REQUIREMENT
Word for word, transcribe the data below.

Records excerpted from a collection
BEGIN
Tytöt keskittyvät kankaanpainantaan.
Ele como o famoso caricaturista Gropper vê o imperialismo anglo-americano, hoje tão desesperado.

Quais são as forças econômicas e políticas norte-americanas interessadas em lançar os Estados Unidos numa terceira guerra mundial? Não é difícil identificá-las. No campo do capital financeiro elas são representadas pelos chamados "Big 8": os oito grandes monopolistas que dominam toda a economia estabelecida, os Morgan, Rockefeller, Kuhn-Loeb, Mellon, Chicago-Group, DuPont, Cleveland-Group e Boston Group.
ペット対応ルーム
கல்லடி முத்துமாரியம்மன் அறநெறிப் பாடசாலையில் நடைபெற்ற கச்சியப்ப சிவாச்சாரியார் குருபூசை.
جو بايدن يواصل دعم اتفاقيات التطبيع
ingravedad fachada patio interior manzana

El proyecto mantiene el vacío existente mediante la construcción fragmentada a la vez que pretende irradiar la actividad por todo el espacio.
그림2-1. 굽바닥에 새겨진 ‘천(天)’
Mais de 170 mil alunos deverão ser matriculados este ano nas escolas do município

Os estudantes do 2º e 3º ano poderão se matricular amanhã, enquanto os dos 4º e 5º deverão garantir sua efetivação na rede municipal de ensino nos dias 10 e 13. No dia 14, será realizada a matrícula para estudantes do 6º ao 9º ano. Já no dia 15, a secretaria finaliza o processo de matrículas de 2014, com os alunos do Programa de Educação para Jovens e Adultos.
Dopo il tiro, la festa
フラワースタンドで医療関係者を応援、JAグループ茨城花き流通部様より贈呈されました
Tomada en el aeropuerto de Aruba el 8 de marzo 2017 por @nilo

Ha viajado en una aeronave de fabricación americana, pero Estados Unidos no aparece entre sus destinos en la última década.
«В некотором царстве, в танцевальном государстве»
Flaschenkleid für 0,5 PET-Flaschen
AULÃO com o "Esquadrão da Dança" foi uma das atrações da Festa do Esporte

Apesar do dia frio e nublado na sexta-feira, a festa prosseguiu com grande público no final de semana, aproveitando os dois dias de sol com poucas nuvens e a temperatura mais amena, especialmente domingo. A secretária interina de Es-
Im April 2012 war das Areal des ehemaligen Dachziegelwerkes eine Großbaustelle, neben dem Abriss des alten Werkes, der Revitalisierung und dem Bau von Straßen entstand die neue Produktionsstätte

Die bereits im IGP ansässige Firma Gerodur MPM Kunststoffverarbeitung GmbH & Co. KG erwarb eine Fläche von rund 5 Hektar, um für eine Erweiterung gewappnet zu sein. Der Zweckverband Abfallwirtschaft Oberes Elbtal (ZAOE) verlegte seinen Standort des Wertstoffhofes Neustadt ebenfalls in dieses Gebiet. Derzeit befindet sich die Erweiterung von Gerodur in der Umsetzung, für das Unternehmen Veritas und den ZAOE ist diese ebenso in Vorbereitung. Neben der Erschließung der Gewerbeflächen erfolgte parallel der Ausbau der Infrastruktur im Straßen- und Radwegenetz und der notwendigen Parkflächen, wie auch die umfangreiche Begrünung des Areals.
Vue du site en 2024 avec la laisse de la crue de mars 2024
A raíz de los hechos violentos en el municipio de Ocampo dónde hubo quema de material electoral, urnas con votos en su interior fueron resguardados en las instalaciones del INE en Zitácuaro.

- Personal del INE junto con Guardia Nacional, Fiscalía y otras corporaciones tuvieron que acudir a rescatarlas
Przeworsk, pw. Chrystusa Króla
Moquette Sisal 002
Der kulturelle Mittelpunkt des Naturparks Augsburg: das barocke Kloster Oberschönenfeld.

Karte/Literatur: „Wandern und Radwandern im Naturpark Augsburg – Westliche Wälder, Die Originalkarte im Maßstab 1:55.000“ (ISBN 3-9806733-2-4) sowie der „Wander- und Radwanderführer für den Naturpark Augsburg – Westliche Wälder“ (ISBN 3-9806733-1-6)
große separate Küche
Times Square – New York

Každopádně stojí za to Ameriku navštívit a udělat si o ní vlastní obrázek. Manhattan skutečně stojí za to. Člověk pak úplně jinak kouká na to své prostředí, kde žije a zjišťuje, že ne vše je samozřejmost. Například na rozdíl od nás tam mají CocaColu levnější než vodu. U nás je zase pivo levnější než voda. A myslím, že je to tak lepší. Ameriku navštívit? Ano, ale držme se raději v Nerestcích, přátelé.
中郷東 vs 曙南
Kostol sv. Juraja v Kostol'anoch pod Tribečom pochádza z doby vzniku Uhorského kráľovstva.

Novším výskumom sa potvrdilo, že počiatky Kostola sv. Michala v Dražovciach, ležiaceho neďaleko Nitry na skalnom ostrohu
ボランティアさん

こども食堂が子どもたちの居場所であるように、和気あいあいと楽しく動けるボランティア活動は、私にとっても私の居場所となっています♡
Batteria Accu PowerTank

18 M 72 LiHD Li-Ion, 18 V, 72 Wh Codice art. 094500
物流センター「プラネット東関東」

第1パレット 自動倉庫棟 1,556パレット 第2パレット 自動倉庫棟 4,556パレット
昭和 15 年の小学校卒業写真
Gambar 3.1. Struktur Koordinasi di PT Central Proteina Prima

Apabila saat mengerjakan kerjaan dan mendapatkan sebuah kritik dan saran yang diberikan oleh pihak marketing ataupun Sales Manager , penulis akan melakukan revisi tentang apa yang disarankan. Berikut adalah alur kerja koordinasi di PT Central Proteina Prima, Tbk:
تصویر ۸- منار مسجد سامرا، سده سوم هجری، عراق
END
YOUR RESPONSE
Tytöt keskittyvät kankaanpainantaan.
Ele como o famoso caricaturista Gropper vê o imperialismo anglo-americano, hoje tão desesperado.

Quais são as forças econômicas e políticas norte-americanas interessadas em lançar os Estados Unidos numa terceira guerra mundial? Não é difícil identificá-las. No campo do capital financeiro elas são representadas pelos chamados "Big 8": os oito grandes monopolistas que dominam toda a economia estabelecida, os Morgan, Rockefeller, Kuhn-Loeb, Mellon, Chicago-Group, DuPont, Cleveland-Group e Boston Group.
ペット対応ルーム
கல்லடி முத்துமாரியம்மன் அறநெறிப் பாடசாலையில் நடைபெற்ற கச்சியப்ப சிவாச்சாரியார் குருபூசை.
جو بايدن يواصل دعم اتفاقيات التطبيع
ingravedad fachada patio interior manzana

El proyecto mantiene el vacío existente mediante la construcción fragmentada a la vez que pretende irradiar la actividad por todo el espacio.
그림2-1. 굽바닥에 새겨진 ‘천(天)’
Mais de 170 mil alunos deverão ser matriculados este ano nas escolas do município

Os estudantes do 2º e 3º ano poderão se matricular amanhã, enquanto os dos 4º e 5º deverão garantir sua efetivação na rede municipal de ensino nos dias 10 e 13. No dia 14, será realizada a matrícula para estudantes do 6º ao 9º ano. Já no dia 15, a secretaria finaliza o processo de matrículas de 2014, com os alunos do Programa de Educação para Jovens e Adultos.
Dopo il tiro, la festa
フラワースタンドで医療関係者を応援、JAグループ茨城花き流通部様より贈呈されました
Tomada en el aeropuerto de Aruba el 8 de marzo 2017 por @nilo

Ha viajado en una aeronave de fabricación americana, pero Estados Unidos no aparece entre sus destinos en la última década.
«В некотором царстве, в танцевальном государстве»
Flaschenkleid für 0,5 PET-Flaschen
AULÃO com o "Esquadrão da Dança" foi uma das atrações da Festa do Esporte

Apesar do dia frio e nublado na sexta-feira, a festa prosseguiu com grande público no final de semana, aproveitando os dois dias de sol com poucas nuvens e a temperatura mais amena, especialmente domingo. A secretária interina de Es-
Im April 2012 war das Areal des ehemaligen Dachziegelwerkes eine Großbaustelle, neben dem Abriss des alten Werkes, der Revitalisierung und dem Bau von Straßen entstand die neue Produktionsstätte

Die bereits im IGP ansässige Firma Gerodur MPM Kunststoffverarbeitung GmbH & Co. KG erwarb eine Fläche von rund 5 Hektar, um für eine Erweiterung gewappnet zu sein. Der Zweckverband Abfallwirtschaft Oberes Elbtal (ZAOE) verlegte seinen Standort des Wertstoffhofes Neustadt ebenfalls in dieses Gebiet. Derzeit befindet sich die Erweiterung von Gerodur in der Umsetzung, für das Unternehmen Veritas und den ZAOE ist diese ebenso in Vorbereitung. Neben der Erschließung der Gewerbeflächen erfolgte parallel der Ausbau der Infrastruktur im Straßen- und Radwegenetz und der notwendigen Parkflächen, wie auch die umfangreiche Begrünung des Areals.
Vue du site en 2024 avec la laisse de la crue de mars 2024
A raíz de los hechos violentos en el municipio de Ocampo dónde hubo quema de material electoral, urnas con votos en su interior fueron resguardados en las instalaciones del INE en Zitácuaro.

- Personal del INE junto con Guardia Nacional, Fiscalía y otras corporaciones tuvieron que acudir a rescatarlas
Przeworsk, pw. Chrystusa Króla
Moquette Sisal 002
Der kulturelle Mittelpunkt des Naturparks Augsburg: das barocke Kloster Oberschönenfeld.

Karte/Literatur: „Wandern und Radwandern im Naturpark Augsburg – Westliche Wälder, Die Originalkarte im Maßstab 1:55.000“ (ISBN 3-9806733-2-4) sowie der „Wander- und Radwanderführer für den Naturpark Augsburg – Westliche Wälder“ (ISBN 3-9806733-1-6)
große separate Küche
Times Square – New York

Každopádně stojí za to Ameriku navštívit a udělat si o ní vlastní obrázek. Manhattan skutečně stojí za to. Člověk pak úplně jinak kouká na to své prostředí, kde žije a zjišťuje, že ne vše je samozřejmost. Například na rozdíl od nás tam mají CocaColu levnější než vodu. U nás je zase pivo levnější než voda. A myslím, že je to tak lepší. Ameriku navštívit? Ano, ale držme se raději v Nerestcích, přátelé.
中郷東 vs 曙南
Kostol sv. Juraja v Kostol'anoch pod Tribečom pochádza z doby vzniku Uhorského kráľovstva.

Novším výskumom sa potvrdilo, že počiatky Kostola sv. Michala v Dražovciach, ležiaceho neďaleko Nitry na skalnom ostrohu
ボランティアさん

こども食堂が子どもたちの居場所であるように、和気あいあいと楽しく動けるボランティア活動は、私にとっても私の居場所となっています♡
Batteria Accu PowerTank

18 M 72 LiHD Li-Ion, 18 V, 72 Wh Codice art. 094500
物流センター「プラネット東関東」

第1パレット 自動倉庫棟 1,556パレット 第2パレット 自動倉庫棟 4,556パレット
昭和 15 年の小学校卒業写真
Gambar 3.1. Struktur Koordinasi di PT Central Proteina Prima

Apabila saat mengerjakan kerjaan dan mendapatkan sebuah kritik dan saran yang diberikan oleh pihak marketing ataupun Sales Manager , penulis akan melakukan revisi tentang apa yang disarankan. Berikut adalah alur kerja koordinasi di PT Central Proteina Prima, Tbk:
تصویر ۸- منار مسجد سامرا، سده سوم هجری، عراق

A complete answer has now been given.